Personal Knowledge Base

Track goals, health, psychology, self-improvement — file journal entries, articles, podcast notes.

# File your journal entries:
/wiki-ingest raw/journal/2026-01-week1.md
/wiki-ingest raw/journal/2026-01-week2.md

# File articles and podcast notes that resonated:
/wiki-ingest raw/articles/huberman-sleep-protocol.md
/wiki-ingest raw/articles/atomic-habits-summary.md

# Ask introspective questions:
/wiki-query "What patterns show up in my journal entries about energy levels?"
/wiki-query "What habits have I tried and what was the outcome?"

# The wiki builds a structured picture of you over time —
# entities like "Sleep", "Exercise", "Deep Work" accumulate evidence
# from every source you've filed.

Business / Team Intelligence

Feed in meeting transcripts, Slack exports, project docs, customer calls.

# Onboard new context:
/wiki-ingest raw/meetings/q1-planning-transcript.md
/wiki-ingest raw/docs/product-roadmap-2026.md
/wiki-ingest raw/calls/customer-interview-acme.md

# Wiki creates pages for projects, people, decisions, recurring themes.

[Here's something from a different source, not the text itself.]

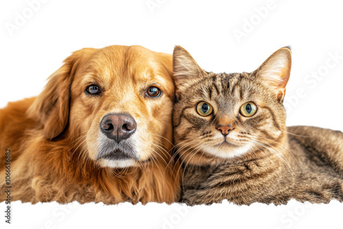 dog, cat, gold, retriever, tabby, lying, together, isolated, transparent, pet, animal, friendship, furry, companion, domestic, love, cute, cosy, bond, relaxed, pet, fur, adorable, closeup, family

# Ask strategic questions:
/wiki-query "What feature requests have come up most across customer calls?"
/wiki-query "What decisions were made in Q1 planning and what was the rationale?"

# Lint catches things like:
# → "Project X mentioned in 5 pages but no dedicated page"
# → "Roadmap contradicts customer interview on priority of feature Y"

The wiki stays current because the agent does the maintenance no one on the team wants to do.


Competitive Analysis / Due Diligence

Track a company, market, or technology area over time.

# Feed in everything you find:
/wiki-ingest raw/competitors/openai-announcements.md
/wiki-ingest raw/competitors/anthropic-blog-posts.md
/wiki-ingest raw/market/ai-funding-report-q1.md

# Wiki builds entity pages per company, concept pages per technology.

# Ask comparison questions:
/wiki-query "How do OpenAI and Anthropic differ in their approach to safety?"
/wiki-query "Which companies have announced multimodal models in the last 6 months?"

# Save the answer back as a reusable synthesis:
/wiki-query "Competitive landscape summary as of today" --save

Tips

  • Use Obsidian to read/browse the wiki — follow links, check graph view
  • Use Obsidian Web Clipper to clip web articles directly to raw/
  • The wiki is a git repo — you get version history for free
  • File good query answers back with --save — your explorations compound just like ingested sources

License

MIT License — see LICENSE for details.